» **DATA EXTRACT**

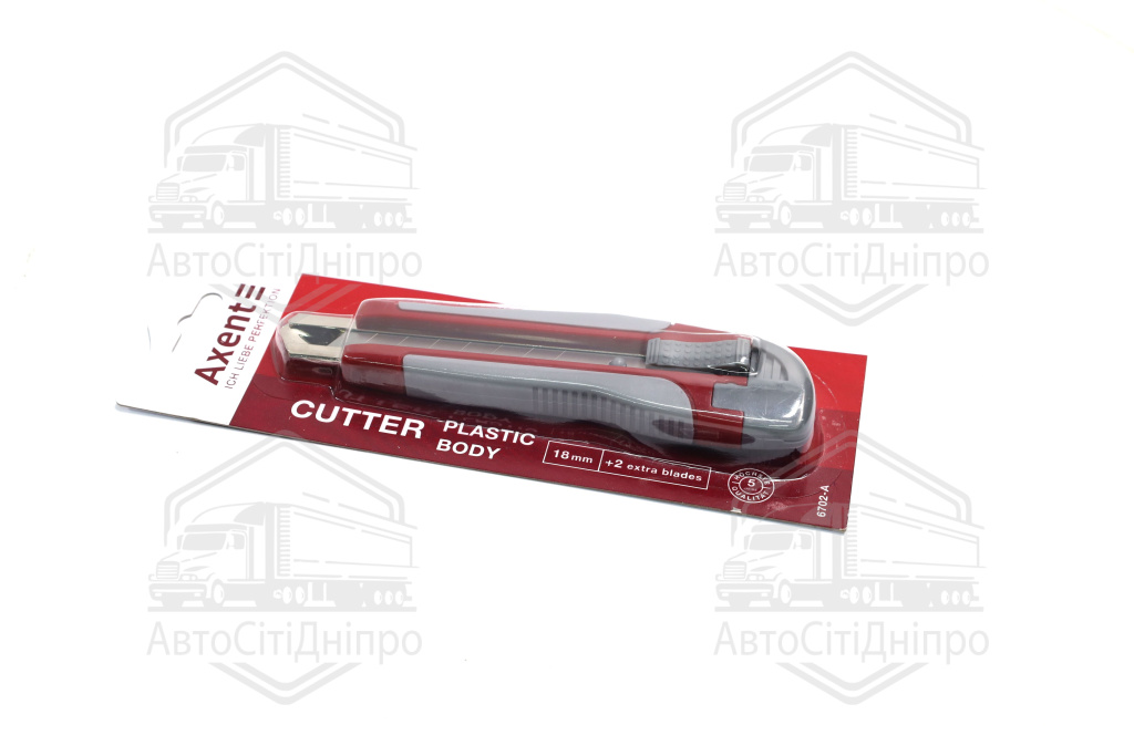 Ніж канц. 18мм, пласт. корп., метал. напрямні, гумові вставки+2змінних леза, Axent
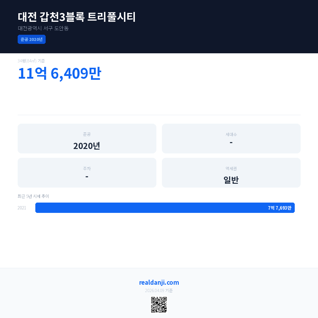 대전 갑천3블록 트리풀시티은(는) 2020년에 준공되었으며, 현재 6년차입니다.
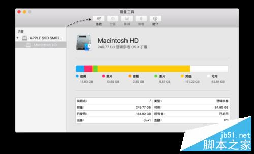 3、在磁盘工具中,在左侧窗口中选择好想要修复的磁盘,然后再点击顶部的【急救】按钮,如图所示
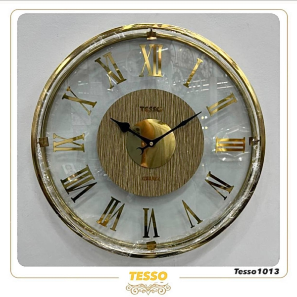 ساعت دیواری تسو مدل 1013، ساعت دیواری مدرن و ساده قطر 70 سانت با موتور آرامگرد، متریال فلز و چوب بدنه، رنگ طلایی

» **EXERCISE DESCRIPTION**
Transcribe the listing exactly, skipping pictures.

» **RESULT OF THE TASK**
 Ніж канц. 18мм, пласт. корп., метал. напрямні, гумові вставки+2змінних леза, Axent
 대전 갑천3블록 트리풀시티은(는) 2020년에 준공되었으며, 현재 6년차입니다.
 3、在磁盘工具中,在左侧窗口中选择好想要修复的磁盘,然后再点击顶部的【急救】按钮,如图所示
 ساعت دیواری تسو مدل 1013، ساعت دیواری مدرن و ساده قطر 70 سانت با موتور آرامگرد، متریال فلز و چوب بدنه، رنگ طلایی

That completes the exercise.